Une rumeur sur le réaménagement technique du Gouvernement Jean-Michel Sama Lukonde, court les rues de Kinshasa. Avec le retour du président Félix Antoine Tshisekedi Tshilombo de l’Espagne, voyage qui a fait couler beaucoup d’encre et de salive, l’on parle dans la ville haute de l’imminence de ce remaniement. Les commentaires vont dans tous les sens.

L’agitation est à son comble dans le microcosme politique kinois.
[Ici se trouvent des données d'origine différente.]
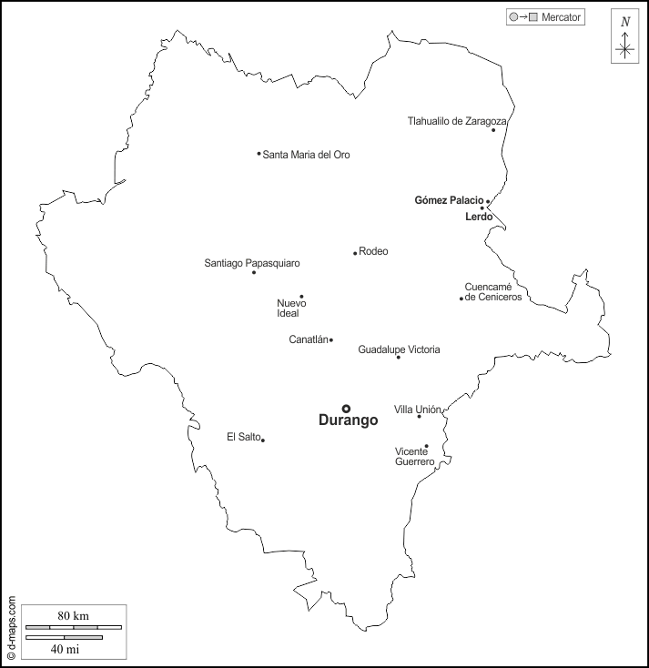 d-maps > महाअमेरिका > मेक्सिको > डुरंगो > बाह्यरेखा, मुख्य शहरों, नाम, सफेद
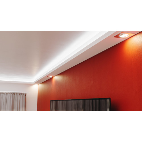 Профилът за корниз модел LD-19, създава изключителен и иновативен ефект в интериора, светещ с монтаж..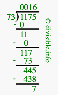 The image displays 16 at the top, which is the quotient, and 7 at the bottom, which is the remainder. Therefore, the answer to 1175 divided by 73 (1175 ÷ 73) using long division is 16 remainder 7, or simply 16 R 7.
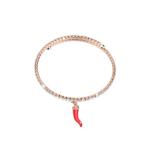 Bracciale MyWorld con cristalli colorati e charm a corno Il bracciale MyWorld a molla è in bronzo placcato con charm Portafortuna pendente e cristalli. È disponibile nelle finiture oro rosa o rodio bianco.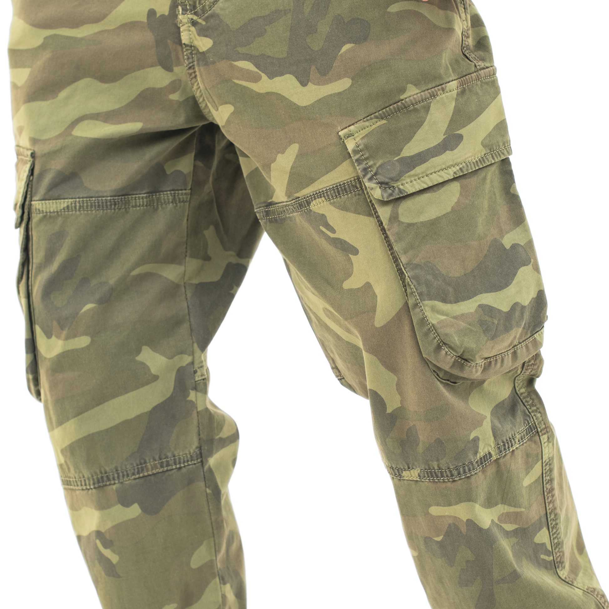 Designed in a classic olive camouflage print, these cargos feature a relaxed straight-leg silhouette with structured panel detailing for added shape and durability. Multiple flap cargo pockets and a rear zip pocket bring both functionality and edge.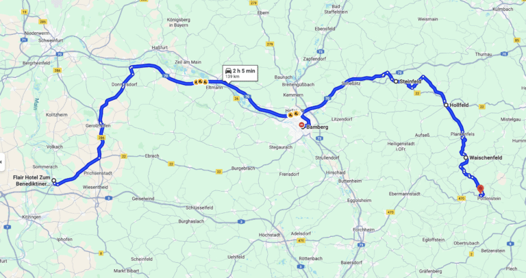 Start um 9 nach einem Genießer-Frühstück über Bamberg zum Gasthaus „Bärenschlucht“ bei Pottenstein.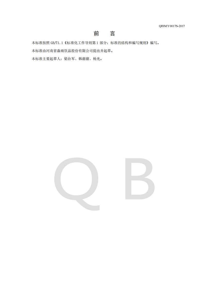 河南省淼雨饮品股份有限公司企业强制性标准规范Q_HMY0017S-2017发酵型水果醋饮料348072@abc31天前发布关注私信0.23MB7页042河南省淼雨饮品股份有限公司企业强制性标准规范Q_HMY0017S-2017发酵型水果醋饮料此内容为付费资源,请付费后查看¥19¥26黄金会员免费钻石会员免费立即购买您当前未登录!建议登陆后购买,可保存购买订单付费资源 第1页 / 共7页 第2页 / 共7页 试读已结束,还剩5页,您可下载完整版后进行离线阅读 THE END标准规范 文本预览 412575S-2017河南省淼雨饮品股份有限公司企业标准Q/HMY0017S-2017发酵型水果醋饮料2017-10-31发布2017-10-31实施河南省淼雨饮品股份有限公司发布 查看更多 收起部分 喜欢就支持一下吧收藏

D’aucuns repassent depuis lors les costumes laissés longtemps au fond des valises priant que cette fois-ci madame la chance ne les zappe pas, d’autres, par contre, conjecturent sur des têtes qui peuvent tomber et qu’ils peuvent remplacer.

La fatwa  qui pourrait ainsi frapper ceux considérés comme proches de Jean-Marc Kabund, aujourd’hui auto-exilé du ciel, ou supposés être pistonnés par lui, est vivement souhaitée.

C’est une des brèches sûres par lesquelles l’on peut s’introduire pour savourer plus d’une année et demi qui reste du quinquennat du président Félix Antoine Tshisekedi Tshilombo. Parmi les ministres dont question, l’on parle, notamment, de Daniel Aselo de l’Intérieur, de Tony  Mwaba  de l’EPST et d’Antoinette N’samba Kalambayi  des Mines.

C’est vraiment une confusion et un amalgame s’agissant de l’actuelle ministre nationale des Mines. Ce n’est pas en 2016 avec l’avènement de Jean-Marc Kabund comme Secrétaire général de l’UDPS qu’elle a connu la route menant à Limete. Début des années 90, elle était vent debout pour ce parti avec le déclenchement du processus démocratique suite au discours du 24 avril 1990 du maréchal Mobutu à la N’Sele.

L’UDPS, qui opérait en clandestinité à Matete dans leur maison, était enfin sortie au grand jour. Son père, M. François Kalambayi, contemporain et ami du sphinx de Limete, fut ainsi un des grands prêtres qui officiait les messes du parti dans cette partie de la capitale. Tel père,  telle fille, Antoinette N’samba Kalambayi  ne s’était pas fait prier pour être servante dans ces cultes.

Elle a été de toutes les marches et d’autres manifestations décrétées par l’UDPS et en a été même victime, parce qu’admise quelques fois à l’Hôpital.

Après la mort de son mari, elle s’est retrouvée à Paris où elle a milité au sein de l’UDPS/France.

A son retour à Kinshasa pour achever ses études en droit à l’Université de Kinshasa, elle a toujours gardé le flambeau allumé.

Cela,  même au sein du Ministère des Mines où elle a passé dix ans en tant que fonctionnaire de l’Etat  notamment,  à l’Inspection Générale des Mines.

Elle y a gravi des échelons jusqu’au grade de Chef de division,  avant que le Chef de l’Etat, Félix Antoine Tshisekedi Tshilombo, ne jette  son dévolu sur elle comme première femme,  depuis l’accession de la RD. Congo à  l’indépendance,  pour piloter le Méga ministère des Mines.

Le choix porté sur elle comme Ministre nationale des Mines est, sans doute, le couronnement de son long combat à l’UDPS  mais aussi,  de son parcours au Ministère des Mines.

Après quelques brouilles à ses débuts, Antoinette N’samba Kalambayi a retrouvé ses marques et se montre déterminante pour faire bénéficier à la RD. Congo,  le produit de ses ressources minières.

C’est pour la première fois que les communautés riveraines sont honorées avec l’obligation faite aux entreprises minières de prendre des engagements sociaux, à travers des cahiers de charges, en faveur des populations des zones qu’elles exploitent.

C’est de bonne guerre, certes. Car,  les gens sont en train de se battre pour trouver une place au soleil.

Voilà pourquoi, visiblement,   toutes les armes ne sont pas exclues. Mais, se complaire à coller gratuitement certains individus à  d’autres, serait la meilleure façon de  faire fausse route.